*
KOSPI falls, foreigners net sellers
*
Korean won weakens against dollar
*
South Korea benchmark bond yield rises
SEOUL, Feb 15 (Reuters) - Round-up of South Korean
financial markets:
** South Korean shares fell 1% on Wednesday after some
investors booked profits while gauging the impact from a rise in
U.S. January inflation and the Fed's commentary that the cenbank
will need to keep gradually raising interest rates. The Korean
won weakened, while the benchmark bond yield rose.
** The benchmark KOSPI fell 24.31 points, or 0.99%,
to 2,441.33 as of 0212 GMT.
** U.S consumer prices accelerated in January, but the
annual increase was the smallest since late 2021, pointing to a
continued slowdown in inflation and likely keeping the Federal
Reserve on a moderate interest rate hiking path.
** "The market took mixed implications from the data, and
foreigners are seen booking profits afterwards," said Kim
Seok-hwan, an analyst at Mirae Asset Securities.
** "Investors are now eyeing U.S. retail sales and factory
output data to see impact from high interest rates."

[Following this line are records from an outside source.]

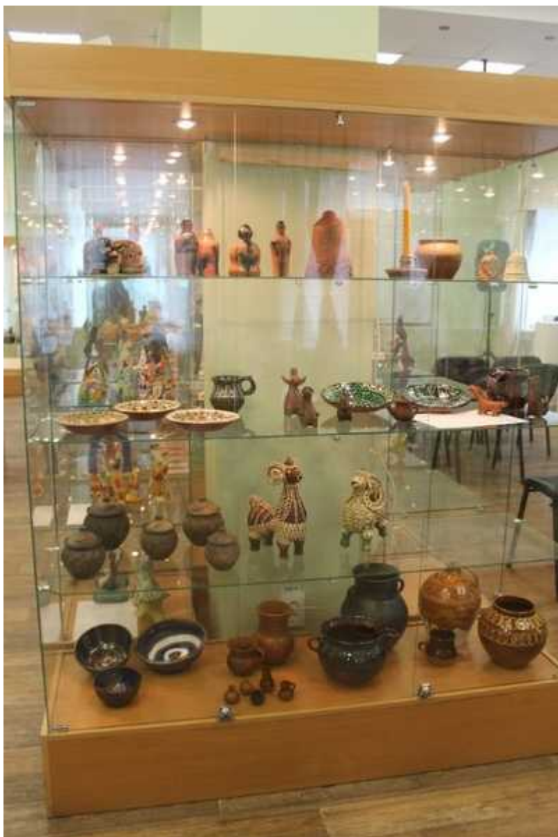
Фотография 3 из 4. Для просмотра галереи нажмите на фото.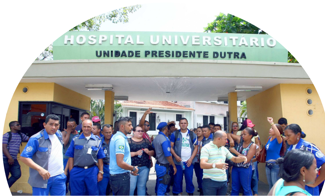
Manifestantes entraram em acordo com a direção do hospital, mas futuro da empresa terceirizada é incerto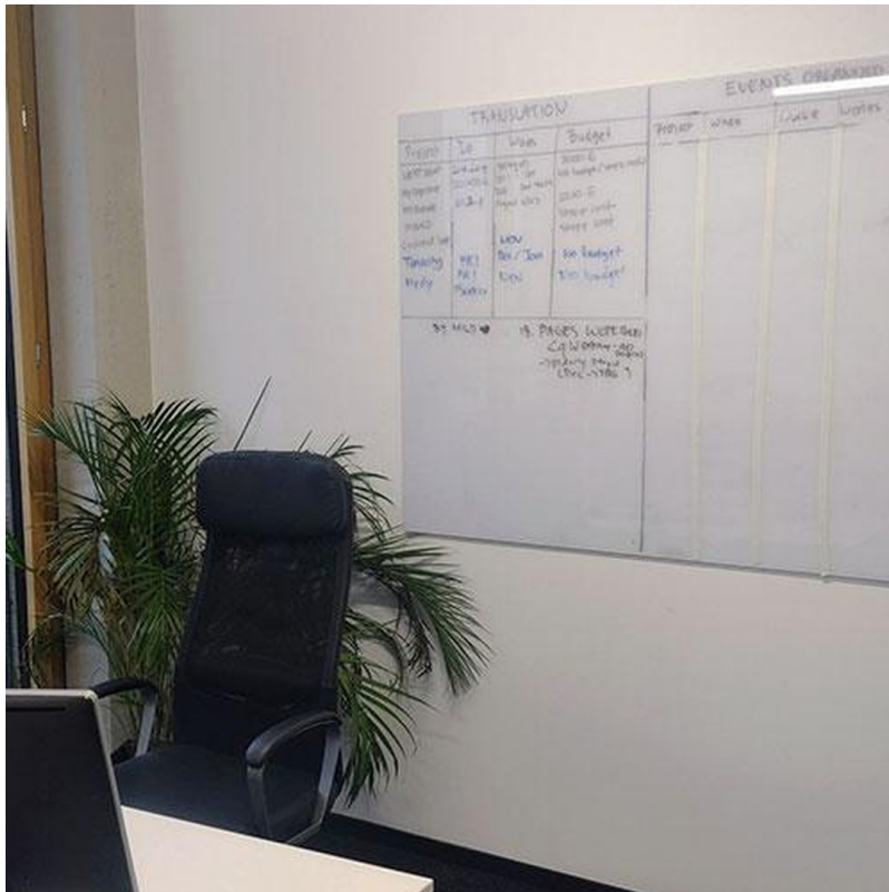
Whiteboard in jedem Raum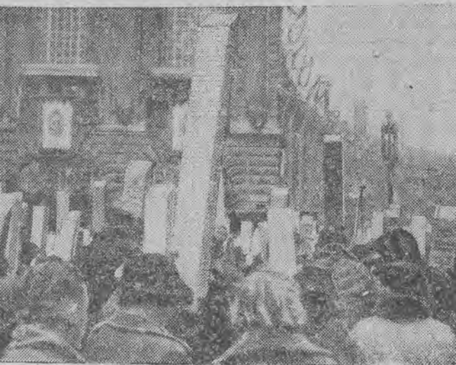
Las peryskopów, który umożliwił stojącym w dalszych rzędach obejrzenie wszystkich wspaniałości pochodu koronacyjnego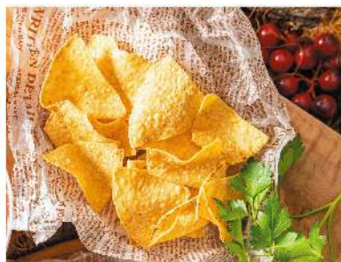
サルサヒメカーナトルティヤチップス ¥500 Mexican Salsa with Tortilla Chips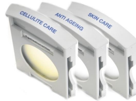
Q.Light® Cosmetic Filter Set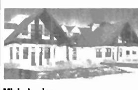
Michałowice Rezydencja (w budowie) o charakterze dworku (bliźniak) pow. 430 m 2 , tereny Parku Jurajskiego, działka 32 a, cena 620 mln zł całość lub 310 mln za segment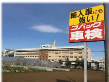
解体前の旧1号館。「ASIA U」のロゴが印象的で当社からもよく見えました。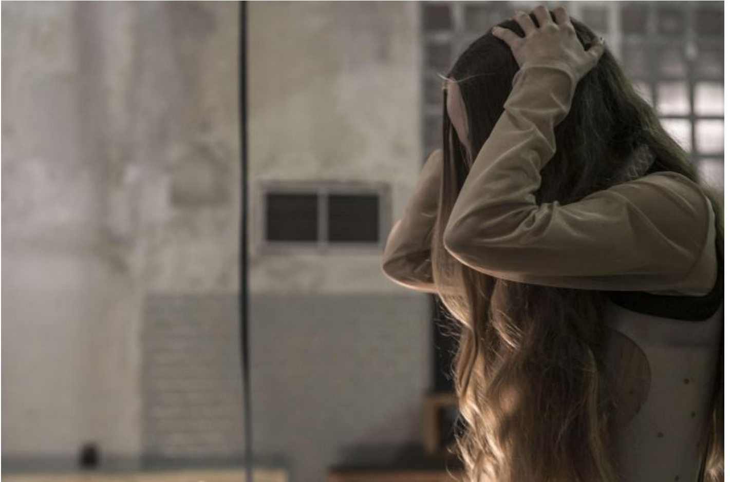
Prove Otello, maggio 2018, ph Vasco Dell'Oro.

Rodrigo si colpisce la testa con la mano in un movimento stereotipato che Ã del suo corpo, ed Ã quel gesto a portare in scena il tarlo della gelosia che divora Otello, cosÃ come la ribellione prende forma in un grido sordo, in una parola che balbetta, che fatica a uscire.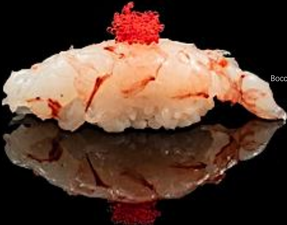
86 NIGIRI AMAEBI 2pz:

Bocconcini di riso con amaebi e uova di lampo.

** Technology giant Samsung Electronics fell
1.42% and peer SK Hynix lost 1.71%, but battery
maker LG Energy Solution added 2.10%.
** Of the total 933 issues traded, only 152 shares advanced.
** Foreigners were net sellers of shares worth 212.2 billion
won ($166.17 million).
** The won was quoted at 1,275.3 per dollar on the onshore
settlement platform , 0.46% lower than its previous
close at 1,269.4.
** In money and debt markets, March futures on three-year
treasury bonds fell 0.19 point to 104.23.
** The most liquid three-year Korean treasury bond yield
rose by 6.3 basis points to 3.492%, while the benchmark 10-year
yield rose by 4.7 basis points to 3.445%.